Around the time of his departure from Iran, Groves received a telegram from Robert L. McLeod, the president of Centre College in Danville, Kentucky, inquiring if Groves wanted to join the school's faculty; Groves later said his only prior knowledge of Centre came from two classmates of his at Princeton and from former Berea College president William James Hutchins, who was on the ship home with them. McLeod met Groves in New York upon the ship's arrival and Groves and his wife arrived in Danville less than a week later, in early October 1940. Groves became professor of philosophy and religion and taught his first class at Centre on his first morning in town. Groves held this post from 1940 to 1942 before taking a position as professor of theology at Louisville Presbyterian Theological Seminary, which he held until 1946. In 1944, he was awarded the Iranian Scientific Medal of the First Degree for his "services to education in Iran", and Lafayette awarded him an honorary Doctor of Divinity degree in 1946.

After four and a half years in Louisville, Groves was offered Centre's presidency, which he accepted. He moved back to Danville in December 1946 and began as Centre's sixteenth president on January 1, 1947; as of 2026, he is the last minister to lead the school. He was formally inaugurated on November 15, 1947. Two years after taking office, he was invited to a reception for Reza Shah in Washington, D.C., but was unable to attend. One event that Groves had to address soon after taking office was a boom in enrollment due in part to the G.I. Bill at the conclusion of World War II; that and faculty personnel adjustments became a theme of his early tenure as president. Due to financial constraints he was forced to make a round of layoffs among the faculty, though later on he was able to make hires and began encouraging faculty members to get their doctoral degrees; he also increased faculty salaries by 60% over the course of his term. The increased student enrollment prompted changes such as the creation of a student congress and a dean of students, and tuition and fees increased to $500 in 1951. In 1957, Centre adjusted its admissions policies when it began using the Scholastic Aptitude Test, now the SAT, when considering applicants. In a 1983 interview, he said that construction of the Memorial Gymnasium was the major fundraising effort of his presidency; he also mentioned the Weisiger Building, a fine arts building which was constructed on the campus of the Kentucky College for Women—at the time, Centre's women's campus—and funded through a willed donation of $150,000 (equivalent to $ million in ) by the benefactor Emma Weisiger. He was also able to help the school's financials by securing grants from the F. W. Olin Foundation and the Ford Foundation. Early in his presidency, he had a goal of consolidating the women's campus onto the main men's campus; upon raising the matter with the board of trustees, he received such a negative reaction that he did not raise it again for the duration of his term. A lack of desire for consolidation on the part of the women's college students further ensured such plans would not be acted upon, though this merger eventually took place in 1962 under the direction of Groves's successor, Thomas A. Spragens.

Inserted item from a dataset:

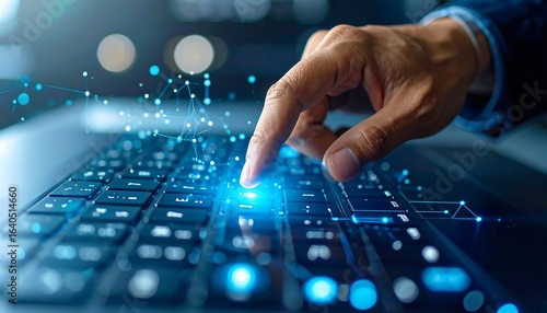 Close-up of a hand interacting with a glowing laptop keyboard, digital network connections visualized

Centre maintained its ties to the Presbyterian Church during Groves's tenure; at the time, all alumni trustees were elected by the alumni association and approved by either the PCUSA (commonly referred to as the "Northern Presbyterian Church") or the Presbyterian Church in the United States (the "Southern Presbyterian Church"), though no trustee was ever turned away by either body. He later stated that his desire was for Centre to maintain its status as a Christian liberal arts college, in contrast to a "fundamentalist Christian college" or a "Bible college". Both church synods held similar views to Groves with respect to desegregation and the college's admissions policies regarding non-White students, one of the biggest issues of the later part of his term.

A special meeting of the Centre board of trustees was called on April 13, 1957, for the purpose of receiving Groves's letter of resignation, which was officially dated and submitted on April 15. The board unanimously accepted the resignation and requested that he stay on until after commencement; he agreed, and his resignation was set to be effective August 31, 1957. W. B. Guerrant, a Centre alumnus and the former president of Austin College, was elected acting president on June 1 of that year. Spragens attended the next board meeting, on July 19, and on that occasion was offered the presidency, which he later accepted.

After leaving Centre, Groves began a stint as president of the Abadan Institute of Technology (now the Petroleum University of Technology) in Abadan, Iran, and he went to Shiraz in 1961 to become provost and vice chancellor of Pahlavi University (now Shiraz University). He retired to Albany, Georgia, in 1964 and was retired by the Presbytery of Philadelphia the following year. Groves came out of retirement two years later to move back to Iran, where he was pastor of the Presbyterian Church in Abadan for a year and a half. During his time there, he also helped to found Damavand College, a private women's college, in Tehran. Upon his return to Georgia, he was named pastor emeritus at Covenant Presbyterian Church in Albany. Several months before his death, Groves attended the inauguration of Centre president Richard L. Morrill in Danville.

==Personal life and death==
Groves became engaged to Estelle Crawford in June 1924, and they married on February 28, 1925. They had four children, three of whom were born in Iran and one in the United States.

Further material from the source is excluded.